▸ Exercise instructions
Go through the data below. Pull out every line that has the word "Figure".

▸ Data

========

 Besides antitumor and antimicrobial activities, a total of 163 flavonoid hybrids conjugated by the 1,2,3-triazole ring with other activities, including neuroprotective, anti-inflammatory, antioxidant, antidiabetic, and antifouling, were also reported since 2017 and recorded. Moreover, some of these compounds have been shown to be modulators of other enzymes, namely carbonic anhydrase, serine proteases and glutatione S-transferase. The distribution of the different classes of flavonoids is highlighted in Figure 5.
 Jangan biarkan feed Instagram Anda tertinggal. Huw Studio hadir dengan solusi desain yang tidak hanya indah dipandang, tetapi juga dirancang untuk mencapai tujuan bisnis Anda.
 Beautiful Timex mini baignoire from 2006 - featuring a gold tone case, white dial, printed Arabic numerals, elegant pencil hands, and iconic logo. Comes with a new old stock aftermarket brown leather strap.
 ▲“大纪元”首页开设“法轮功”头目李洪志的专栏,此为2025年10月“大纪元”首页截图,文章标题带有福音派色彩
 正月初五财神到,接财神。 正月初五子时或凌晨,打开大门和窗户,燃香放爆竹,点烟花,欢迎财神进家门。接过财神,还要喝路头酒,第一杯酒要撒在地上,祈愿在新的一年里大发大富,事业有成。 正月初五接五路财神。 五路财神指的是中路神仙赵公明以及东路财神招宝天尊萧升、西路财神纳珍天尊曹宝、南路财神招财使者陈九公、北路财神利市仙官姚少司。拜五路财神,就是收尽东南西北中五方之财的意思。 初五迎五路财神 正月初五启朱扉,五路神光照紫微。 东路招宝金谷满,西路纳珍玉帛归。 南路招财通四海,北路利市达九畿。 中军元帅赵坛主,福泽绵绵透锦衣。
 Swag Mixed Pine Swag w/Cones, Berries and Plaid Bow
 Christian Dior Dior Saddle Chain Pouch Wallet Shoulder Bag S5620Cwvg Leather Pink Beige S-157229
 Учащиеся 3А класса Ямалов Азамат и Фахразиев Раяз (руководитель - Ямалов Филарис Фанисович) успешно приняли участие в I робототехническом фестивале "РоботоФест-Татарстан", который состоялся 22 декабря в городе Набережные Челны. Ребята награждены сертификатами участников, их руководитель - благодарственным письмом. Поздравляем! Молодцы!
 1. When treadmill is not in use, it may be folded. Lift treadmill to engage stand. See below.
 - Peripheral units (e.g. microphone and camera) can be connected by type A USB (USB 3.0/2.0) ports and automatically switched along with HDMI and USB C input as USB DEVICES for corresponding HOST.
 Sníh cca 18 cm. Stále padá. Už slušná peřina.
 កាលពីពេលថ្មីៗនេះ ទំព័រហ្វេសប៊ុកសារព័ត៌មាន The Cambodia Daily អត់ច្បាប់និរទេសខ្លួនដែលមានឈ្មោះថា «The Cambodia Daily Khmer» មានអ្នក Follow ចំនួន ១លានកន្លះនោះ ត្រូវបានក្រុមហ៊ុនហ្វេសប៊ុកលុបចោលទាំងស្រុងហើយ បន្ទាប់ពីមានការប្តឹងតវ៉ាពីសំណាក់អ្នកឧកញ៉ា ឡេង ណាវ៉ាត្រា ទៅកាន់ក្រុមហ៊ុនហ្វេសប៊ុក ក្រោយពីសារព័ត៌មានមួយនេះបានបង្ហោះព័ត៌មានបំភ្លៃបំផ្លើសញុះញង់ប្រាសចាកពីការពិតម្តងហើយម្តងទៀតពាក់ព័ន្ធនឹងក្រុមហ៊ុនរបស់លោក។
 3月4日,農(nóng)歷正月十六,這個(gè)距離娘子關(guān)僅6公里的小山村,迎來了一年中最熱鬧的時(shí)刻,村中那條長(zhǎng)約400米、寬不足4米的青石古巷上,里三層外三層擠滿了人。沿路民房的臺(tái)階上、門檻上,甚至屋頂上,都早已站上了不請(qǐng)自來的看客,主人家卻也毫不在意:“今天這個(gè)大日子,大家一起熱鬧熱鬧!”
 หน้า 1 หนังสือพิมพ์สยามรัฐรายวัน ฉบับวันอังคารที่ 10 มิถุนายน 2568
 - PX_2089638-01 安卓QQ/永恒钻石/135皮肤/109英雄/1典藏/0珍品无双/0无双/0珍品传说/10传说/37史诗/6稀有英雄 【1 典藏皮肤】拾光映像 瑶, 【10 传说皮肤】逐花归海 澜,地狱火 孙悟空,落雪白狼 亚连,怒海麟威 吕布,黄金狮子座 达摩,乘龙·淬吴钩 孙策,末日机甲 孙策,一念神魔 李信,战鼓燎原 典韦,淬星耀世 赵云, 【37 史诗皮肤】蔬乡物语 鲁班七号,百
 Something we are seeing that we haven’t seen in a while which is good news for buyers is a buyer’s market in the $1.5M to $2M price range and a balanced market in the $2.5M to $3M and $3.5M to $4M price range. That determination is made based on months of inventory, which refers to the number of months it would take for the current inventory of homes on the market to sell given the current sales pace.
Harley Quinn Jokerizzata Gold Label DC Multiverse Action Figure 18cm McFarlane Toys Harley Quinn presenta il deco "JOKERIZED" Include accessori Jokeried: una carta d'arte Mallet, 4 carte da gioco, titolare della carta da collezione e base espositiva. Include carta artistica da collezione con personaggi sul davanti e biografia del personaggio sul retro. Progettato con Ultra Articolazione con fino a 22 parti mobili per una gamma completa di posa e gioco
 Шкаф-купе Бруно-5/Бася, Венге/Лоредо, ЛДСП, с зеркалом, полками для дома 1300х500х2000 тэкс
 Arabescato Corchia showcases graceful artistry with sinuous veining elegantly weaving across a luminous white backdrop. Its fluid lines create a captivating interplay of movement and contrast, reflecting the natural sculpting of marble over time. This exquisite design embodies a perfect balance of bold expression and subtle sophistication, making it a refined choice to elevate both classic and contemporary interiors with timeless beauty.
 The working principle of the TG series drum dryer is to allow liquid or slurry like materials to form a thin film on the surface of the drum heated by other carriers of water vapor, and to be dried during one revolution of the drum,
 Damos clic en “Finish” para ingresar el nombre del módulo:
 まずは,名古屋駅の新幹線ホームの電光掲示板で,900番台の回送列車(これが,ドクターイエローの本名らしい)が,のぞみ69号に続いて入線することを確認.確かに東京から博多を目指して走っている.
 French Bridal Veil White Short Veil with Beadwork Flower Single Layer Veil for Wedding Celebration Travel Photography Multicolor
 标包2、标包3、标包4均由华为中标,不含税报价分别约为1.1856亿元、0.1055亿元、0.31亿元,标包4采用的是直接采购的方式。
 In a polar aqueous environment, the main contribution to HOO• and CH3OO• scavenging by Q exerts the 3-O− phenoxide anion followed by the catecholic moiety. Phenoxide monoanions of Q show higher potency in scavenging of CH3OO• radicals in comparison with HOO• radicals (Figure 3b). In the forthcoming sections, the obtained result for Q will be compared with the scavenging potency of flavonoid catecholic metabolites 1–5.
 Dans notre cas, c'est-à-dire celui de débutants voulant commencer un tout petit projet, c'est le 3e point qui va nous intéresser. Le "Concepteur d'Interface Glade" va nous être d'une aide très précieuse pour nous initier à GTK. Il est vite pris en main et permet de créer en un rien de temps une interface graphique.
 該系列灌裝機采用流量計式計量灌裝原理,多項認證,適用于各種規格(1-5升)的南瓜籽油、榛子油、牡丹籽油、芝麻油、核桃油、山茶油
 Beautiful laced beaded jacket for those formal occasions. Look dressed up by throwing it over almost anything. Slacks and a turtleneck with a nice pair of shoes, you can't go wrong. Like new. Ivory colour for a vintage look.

========

▸ Response for this exercise
 Besides antitumor and antimicrobial activities, a total of 163 flavonoid hybrids conjugated by the 1,2,3-triazole ring with other activities, including neuroprotective, anti-inflammatory, antioxidant, antidiabetic, and antifouling, were also reported since 2017 and recorded. Moreover, some of these compounds have been shown to be modulators of other enzymes, namely carbonic anhydrase, serine proteases and glutatione S-transferase. The distribution of the different classes of flavonoids is highlighted in Figure 5.
Harley Quinn Jokerizzata Gold Label DC Multiverse Action Figure 18cm McFarlane Toys Harley Quinn presenta il deco "JOKERIZED" Include accessori Jokeried: una carta d'arte Mallet, 4 carte da gioco, titolare della carta da collezione e base espositiva. Include carta artistica da collezione con personaggi sul davanti e biografia del personaggio sul retro. Progettato con Ultra Articolazione con fino a 22 parti mobili per una gamma completa di posa e gioco
 In a polar aqueous environment, the main contribution to HOO• and CH3OO• scavenging by Q exerts the 3-O− phenoxide anion followed by the catecholic moiety. Phenoxide monoanions of Q show higher potency in scavenging of CH3OO• radicals in comparison with HOO• radicals (Figure 3b). In the forthcoming sections, the obtained result for Q will be compared with the scavenging potency of flavonoid catecholic metabolites 1–5.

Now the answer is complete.